-- Source data --
========================================

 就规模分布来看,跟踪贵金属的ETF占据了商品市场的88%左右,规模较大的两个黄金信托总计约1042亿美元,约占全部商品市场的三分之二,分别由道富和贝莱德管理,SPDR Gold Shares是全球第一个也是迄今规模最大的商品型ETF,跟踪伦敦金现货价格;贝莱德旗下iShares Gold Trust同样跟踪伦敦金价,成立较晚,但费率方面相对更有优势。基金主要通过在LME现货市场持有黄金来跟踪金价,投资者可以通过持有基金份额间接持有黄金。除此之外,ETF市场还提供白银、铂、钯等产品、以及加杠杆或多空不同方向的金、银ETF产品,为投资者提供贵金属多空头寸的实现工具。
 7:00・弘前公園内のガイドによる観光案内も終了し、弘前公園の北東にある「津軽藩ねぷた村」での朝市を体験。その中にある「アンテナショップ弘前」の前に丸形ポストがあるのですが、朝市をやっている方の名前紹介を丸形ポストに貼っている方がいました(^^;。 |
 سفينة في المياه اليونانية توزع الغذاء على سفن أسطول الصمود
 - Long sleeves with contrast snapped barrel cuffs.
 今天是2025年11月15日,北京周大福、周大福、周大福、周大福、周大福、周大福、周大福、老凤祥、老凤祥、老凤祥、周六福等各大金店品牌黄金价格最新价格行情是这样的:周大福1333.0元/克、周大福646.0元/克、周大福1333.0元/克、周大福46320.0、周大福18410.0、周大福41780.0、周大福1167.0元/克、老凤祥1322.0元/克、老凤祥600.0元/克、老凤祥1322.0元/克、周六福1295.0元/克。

========================================

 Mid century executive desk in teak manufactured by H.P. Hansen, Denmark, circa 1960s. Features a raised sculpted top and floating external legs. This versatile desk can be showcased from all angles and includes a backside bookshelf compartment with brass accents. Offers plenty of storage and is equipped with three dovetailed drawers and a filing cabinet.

========================================

-- Instructions for the task --
"with" is the word to look for; copy every line of the data that has it.

-- Written response --
 - Long sleeves with contrast snapped barrel cuffs.
 Mid century executive desk in teak manufactured by H.P. Hansen, Denmark, circa 1960s. Features a raised sculpted top and floating external legs. This versatile desk can be showcased from all angles and includes a backside bookshelf compartment with brass accents. Offers plenty of storage and is equipped with three dovetailed drawers and a filing cabinet.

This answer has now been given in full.